상기 제어부는, 학습자의 발화된 음성을 이용하여 파형을 획득하고, 상기 획득한 파형과 발화문에 포함된 단어의 시간정보를 매칭하여 단어의 강세를 획득하며, 획득한 강세와 원 단어의 강세를 비교하여 정답 여부를 색상으로 표현하여 출력할 수 있다. The control unit acquires a waveform using the learner's uttered voice, acquires the stress of the word by matching the acquired waveform with time information of the word included in the utterance, and combines the acquired stress with the stress of the original word. By comparing, you can print out whether the answer is correct or not, expressed in color.

이와 같이 본 발명에 따르면, 딥러닝 및 자연어 처리(NLP)기술을 기반으로 문장에 대한 사용자의 발화 정도를 평가하고, 평가된 결과를 지표화하여 제공하므로 사용자로 하여금 성취감을 느낄 수 있도록 하며, 스스로 영어의 발음을 입력하면 부정확한 발음에 대한 위치를 음소 혹은 음절 단위로 지적하여 사용자에게 알려줌과 동시에 발음의 정확도, 강세, 억양, 속도 등에 대한 자세한 분석이 가능하여 학습 능률을 높일 수 있다. In this way, according to the present invention, based on deep learning and natural language processing (NLP) technology, the user's level of speech for the sentence is evaluated, and the evaluated results are indexed and provided, so that the user can feel a sense of accomplishment and learn English on their own. By entering the pronunciation of , the location of the incorrect pronunciation is pointed out in units of phonemes or syllables and notified to the user. At the same time, detailed analysis of pronunciation accuracy, stress, intonation, speed, etc. can be performed, thereby improving learning efficiency.

또한 본 발명에 따르면, 사용자가 반복적으로 틀리게 하는 발음하는 단어들을 모니터링하여 지속적으로 변환테이블을 업데이트 함으로서 사용자의 발음에 대한 인식률을 높일 수 있고, 강세가 포함된 단어와 강세가 포함되지 않은 단어로 분류하여 발화된 문장과 제공된 문장의 매칭률을 높일 수 있다. In addition, according to the present invention, the recognition rate of the user's pronunciation can be increased by monitoring words that the user repeatedly pronounces incorrectly and continuously updating the conversion table, and classifying them into stressed words and unstressed words. By doing so, the matching rate between the uttered sentence and the provided sentence can be increased.

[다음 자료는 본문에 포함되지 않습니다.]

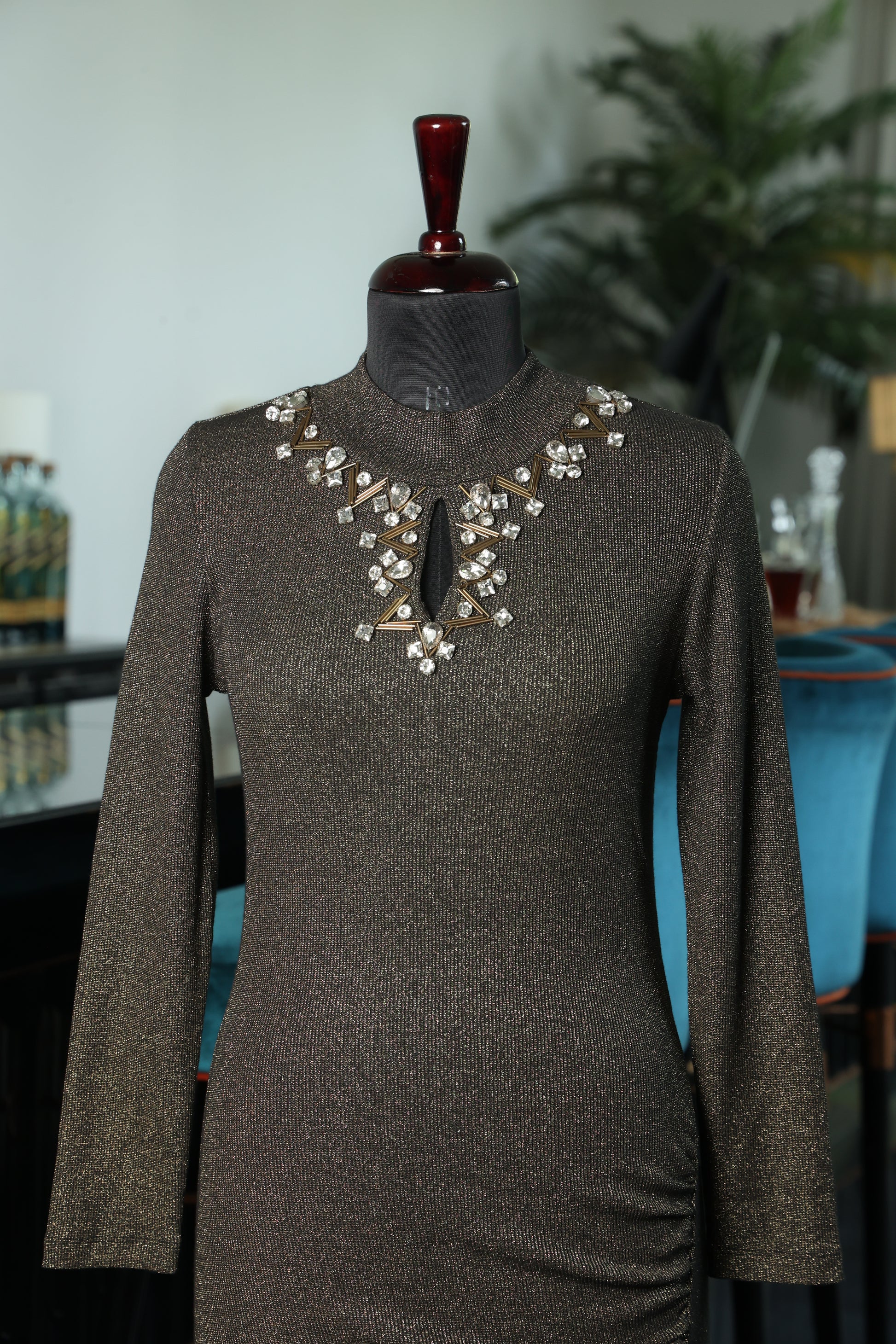Embrace the late night vibes of winter with the embellished slim fit ruched dress, perfect for making a standout statement with elegance.

도 1은 본 발명의 실시예에 따른 발음 평가 시스템을 설명하기 위한 구성도이다.
도 2는 본 발명의 실시예에 따른 발음 평가 시스템을 이용하여 발음을 평가하는 방법을 나타내는 순서도이다.
도 3은 도 2에 도시된 S210단계를 나타내는 도면이다.
도 4는 도 2에 도시된 S220단계를 설명하기 위한 도면이다.
도 5는 도 2에 도시된 S240단계에서 발화문으로 변환하여 출력한 상태를 나타내는 예시도이다.
도 6은 도 2에 도시된 S250단계에서 3번째 방법에 의해 매칭률을 산출하는 방법을 설명하기 위한 도면이다.
도 7은 도 2에 도시된 S270단계에서 도출된 결과를 출력한 상태를 나타내는 예시도이다.
도 8은 도 2에 도시된 S270단계에서 단어의 강세를 판단하는 방법을 설명하기 위한 도면이다. 1 is a configuration diagram for explaining a pronunciation evaluation system according to an embodiment of the present invention.
Figure 2 is a flowchart showing a method of evaluating pronunciation using a pronunciation evaluation system according to an embodiment of the present invention.
Figure 3 is a diagram showing step S210 shown in Figure 2.
FIG. 4 is a diagram for explaining step S220 shown in FIG. 2.
Figure 5 is an example diagram showing the state of converting and outputting a speech sentence in step S240 shown in Figure 2.
FIG. 6 is a diagram illustrating a method of calculating the matching rate by the third method in step S250 shown in FIG. 2.
Figure 7 is an example diagram showing a state in which the results derived in step S270 shown in Figure 2 are output.
FIG. 8 is a diagram for explaining a method of determining the stress of a word in step S270 shown in FIG. 2.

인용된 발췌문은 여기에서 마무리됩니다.